Blended families, says the South African College of Applied Psychology (SACAP), can be unchartered territory for children and parents alike.
Gone are the days when families were primarily a nuclear unit – a couple with their children. Today, blended families – or step-families as they were previously called – are on the rise. They are formed when divorced families come together to form a new familial unit.
This is no surprise at a time when divorce rates in SA are also showing an upward trend. The Marriages and Divorces report released by Statistics South Africa in 2018 shows that divorces increased year-on-year, with most marriages lasting only five to nine years. “In 2016, 55% [of] divorce cases involved children aged less than 18 years.”

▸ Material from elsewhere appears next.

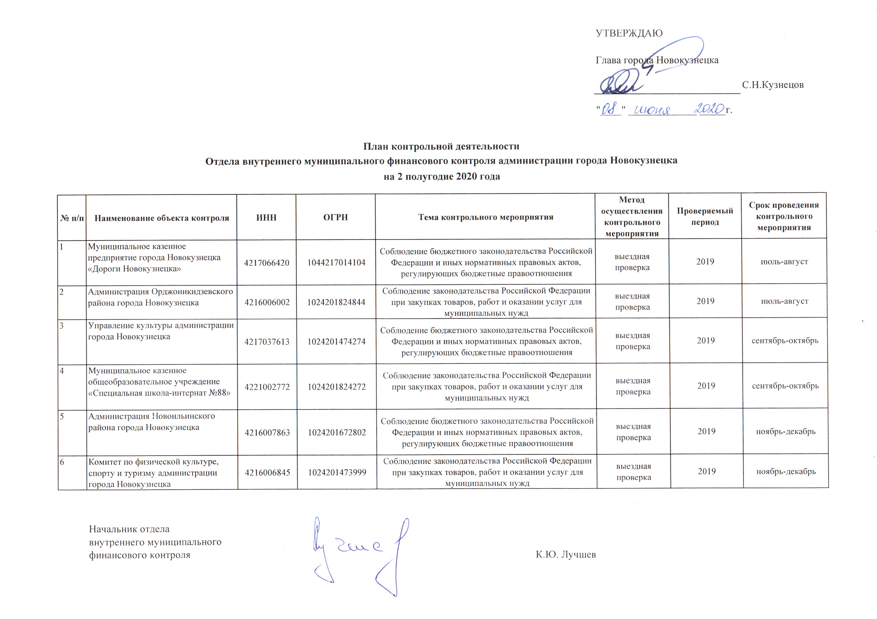 План контрольной деятельности на 2 полугодие 2020 года (с изменениями)
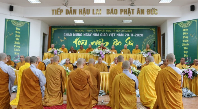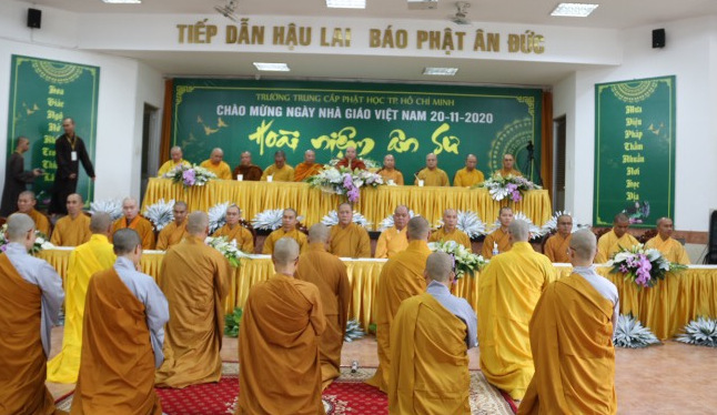Cùng ngày tại Trường Trung cấp Phật học TP.HCM cũng long trọng tổ chức ngày lễ nhà giáo tri ân chư tôn đức Giáo thọ sự đã tận tình hướng dẫn dạy cho Tăng Ni sinh đang theo học tại đây trong nhiều khóa.

Naturally, navigating so many personalities while recovering from divorce can be a minefield for anyone.
Communicate and be honest
Whether it is talking about parenting styles or your history, parents should lead the charge in frank discussions. This will also be a chance for children to get to know their new siblings, while dealing with the complicated issue of coming from a divorced home.
This is a time to be self-reflective and work on conflict resolution skills. “It can change you in remarkable, and deeply satisfying ways,” says parenting educator and author of Blended Families, Flicky Gildenhuys on the SACAP website.
Get professional help
Therapy can offer a neutral platform for everyone to talk about the situation they are in within the new family. What’s more, the third-party advice will be objective and provide the mental and emotional tools for everyone to move forward together harmoniously. Children can, after all, be dealing with feelings such rejection and abandonment.
Do away with high expectations
It is easy to have high expectations when you are starting something new, but with time, the rose-tinted lenses will be replaced by reality. The best approach is to nip whatever expectation you have at the bud and take the new relationships for what they are.
Gildenhuys says: “Part of the process of blending well involves very powerful and fulfilling stages of the journey where you don’t just fall or get swept up into the notions of being a family.
“Instead, you are empowered to consciously develop a family identity, craft family rules and roles, as well as instigate affirming, meaningful and enjoyable family traditions and rituals that last lifetimes and become part of your family legacy.”